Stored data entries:
----
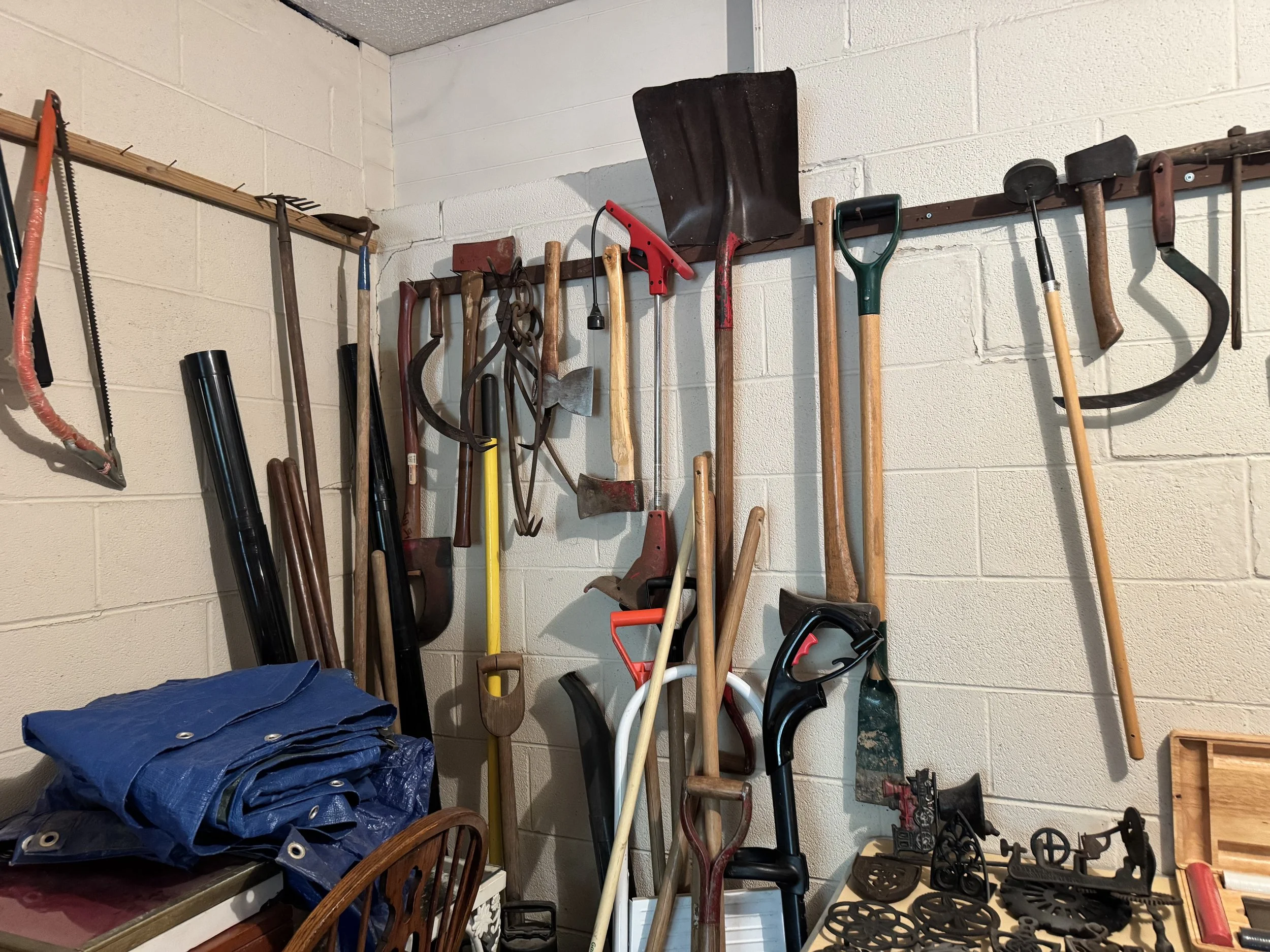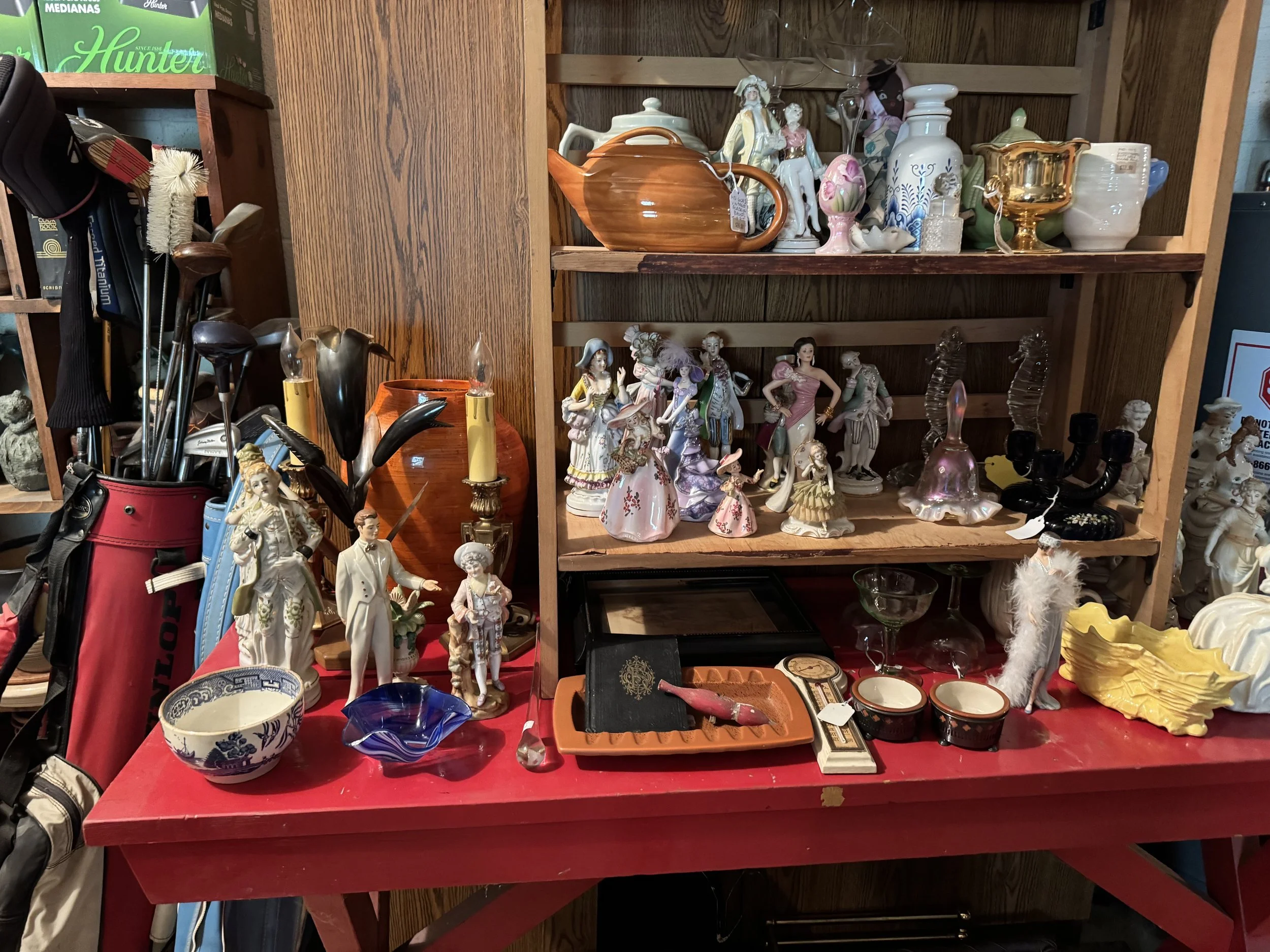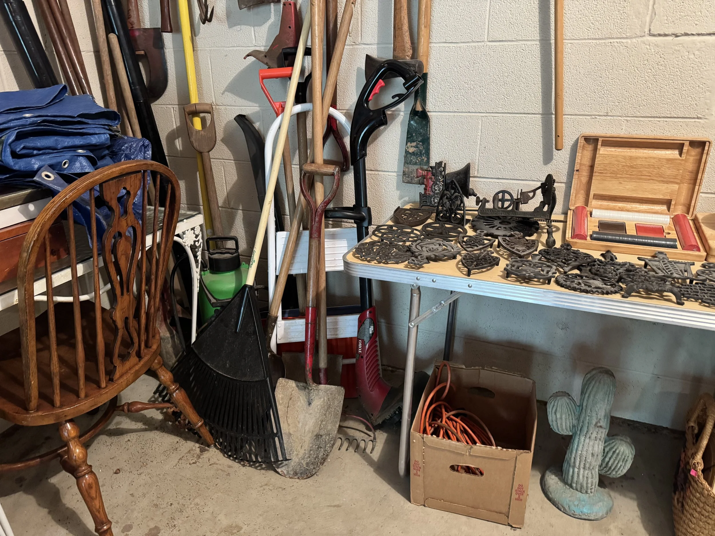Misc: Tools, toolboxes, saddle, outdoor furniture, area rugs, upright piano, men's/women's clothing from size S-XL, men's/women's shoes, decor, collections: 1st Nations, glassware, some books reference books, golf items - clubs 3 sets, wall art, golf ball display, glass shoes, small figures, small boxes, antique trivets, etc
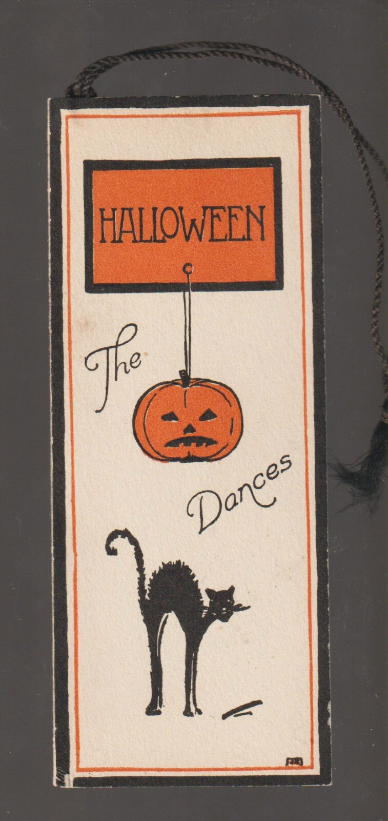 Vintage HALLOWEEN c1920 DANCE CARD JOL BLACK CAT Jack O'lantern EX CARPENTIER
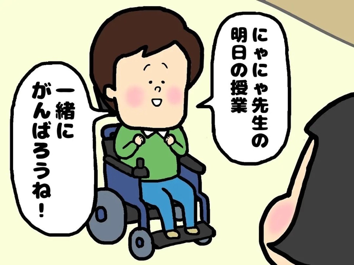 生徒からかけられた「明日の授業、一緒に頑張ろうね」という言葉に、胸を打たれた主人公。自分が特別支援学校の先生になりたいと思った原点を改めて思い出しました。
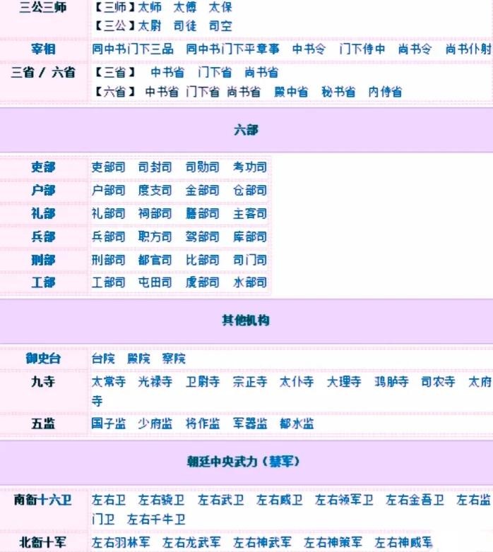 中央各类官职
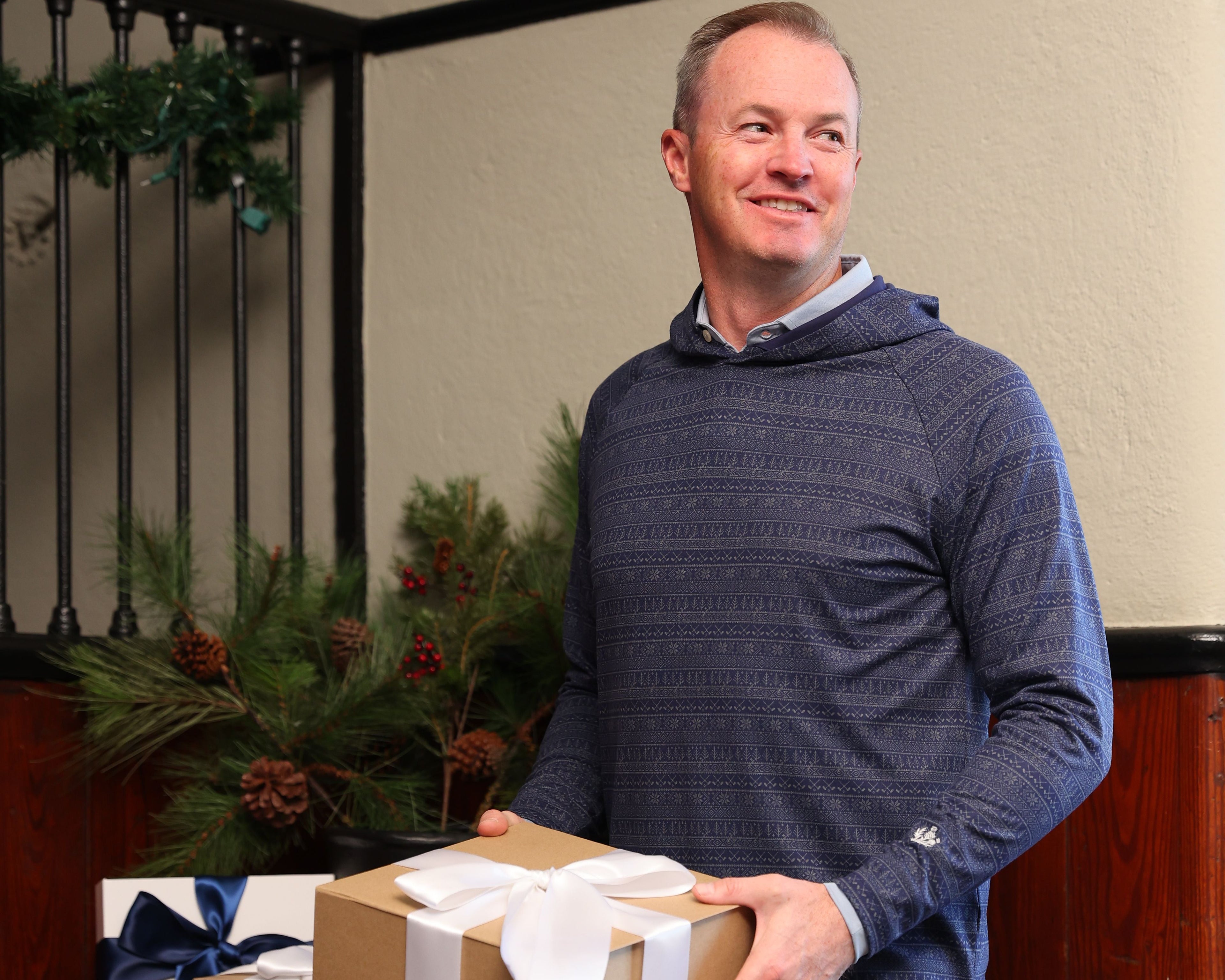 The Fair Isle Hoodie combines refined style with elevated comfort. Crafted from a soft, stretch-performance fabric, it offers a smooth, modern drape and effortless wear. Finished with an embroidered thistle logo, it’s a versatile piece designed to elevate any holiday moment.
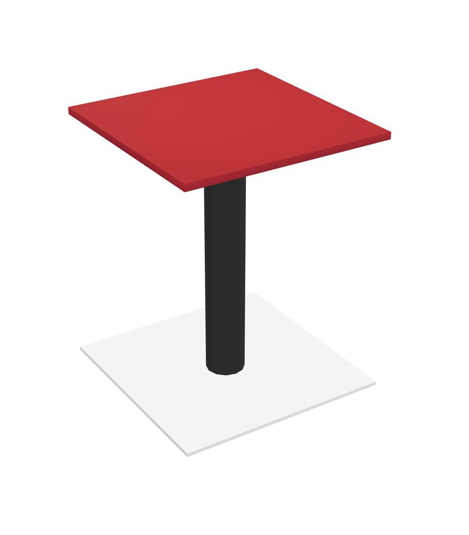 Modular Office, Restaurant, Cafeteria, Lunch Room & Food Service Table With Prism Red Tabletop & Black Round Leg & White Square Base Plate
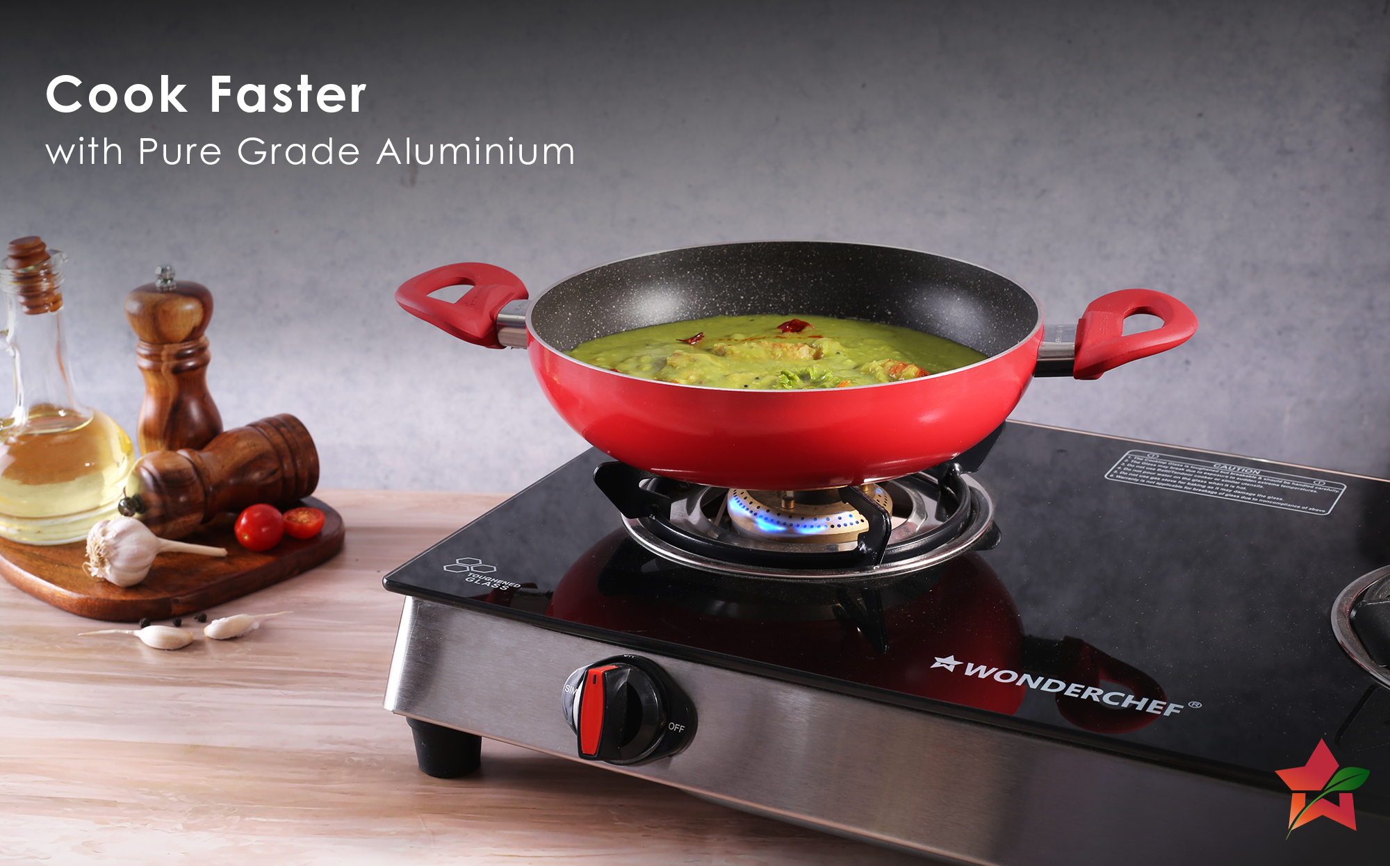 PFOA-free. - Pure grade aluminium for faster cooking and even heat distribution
----
Brief ▸ Leaving out the pictures, repeat all of the entries exactly.

Task result ▸
Misc: Tools, toolboxes, saddle, outdoor furniture, area rugs, upright piano, men's/women's clothing from size S-XL, men's/women's shoes, decor, collections: 1st Nations, glassware, some books reference books, golf items - clubs 3 sets, wall art, golf ball display, glass shoes, small figures, small boxes, antique trivets, etc
 Vintage HALLOWEEN c1920 DANCE CARD JOL BLACK CAT Jack O'lantern EX CARPENTIER
 生徒からかけられた「明日の授業、一緒に頑張ろうね」という言葉に、胸を打たれた主人公。自分が特別支援学校の先生になりたいと思った原点を改めて思い出しました。
 中央各类官职
 The Fair Isle Hoodie combines refined style with elevated comfort. Crafted from a soft, stretch-performance fabric, it offers a smooth, modern drape and effortless wear. Finished with an embroidered thistle logo, it’s a versatile piece designed to elevate any holiday moment.
 Modular Office, Restaurant, Cafeteria, Lunch Room & Food Service Table With Prism Red Tabletop & Black Round Leg & White Square Base Plate
 PFOA-free. - Pure grade aluminium for faster cooking and even heat distribution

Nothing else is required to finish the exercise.